TASK PROMPT
Return the lines of the listing below exactly as they appear, beginning at the one with "操作は超簡単!横スクロールし" and stopping after the one with "توج سعادة الشيخ"; do not include pictures.

ENTRIES SUPPLIED
=== Begin Enclosure ===
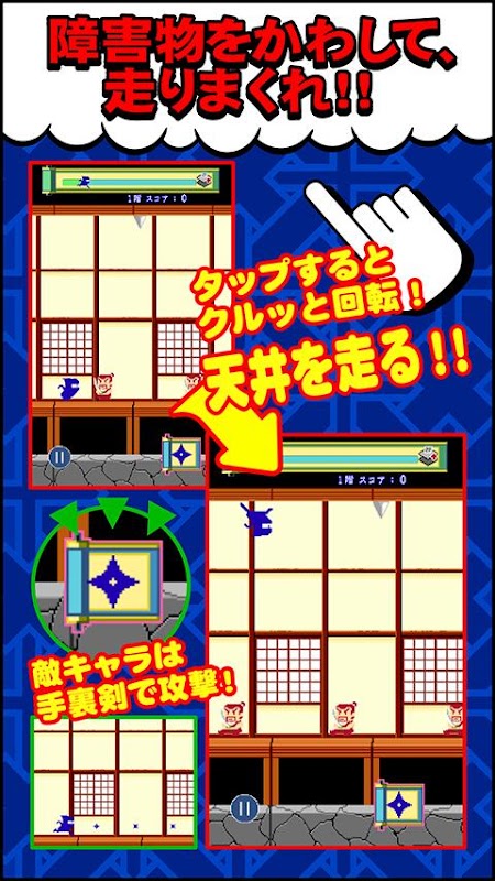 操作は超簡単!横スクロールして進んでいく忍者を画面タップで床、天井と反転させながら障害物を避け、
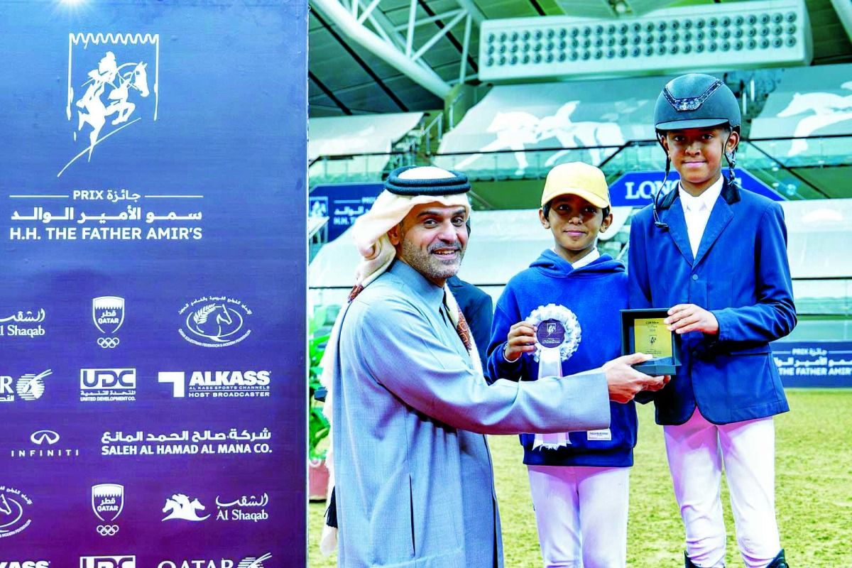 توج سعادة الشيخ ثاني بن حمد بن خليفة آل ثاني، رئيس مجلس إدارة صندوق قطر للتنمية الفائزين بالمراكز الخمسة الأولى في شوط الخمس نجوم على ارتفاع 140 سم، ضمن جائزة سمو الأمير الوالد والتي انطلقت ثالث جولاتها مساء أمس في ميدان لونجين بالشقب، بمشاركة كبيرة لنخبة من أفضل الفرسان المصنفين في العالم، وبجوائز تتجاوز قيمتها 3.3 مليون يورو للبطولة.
=== End Enclosure ===
=== Begin Enclosure ===
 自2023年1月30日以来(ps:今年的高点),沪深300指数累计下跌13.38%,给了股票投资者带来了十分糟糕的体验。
=== End Enclosure ===
SOLUTION FOR THIS PROBLEM
 操作は超簡単!横スクロールして進んでいく忍者を画面タップで床、天井と反転させながら障害物を避け、
 توج سعادة الشيخ ثاني بن حمد بن خليفة آل ثاني، رئيس مجلس إدارة صندوق قطر للتنمية الفائزين بالمراكز الخمسة الأولى في شوط الخمس نجوم على ارتفاع 140 سم، ضمن جائزة سمو الأمير الوالد والتي انطلقت ثالث جولاتها مساء أمس في ميدان لونجين بالشقب، بمشاركة كبيرة لنخبة من أفضل الفرسان المصنفين في العالم، وبجوائز تتجاوز قيمتها 3.3 مليون يورو للبطولة.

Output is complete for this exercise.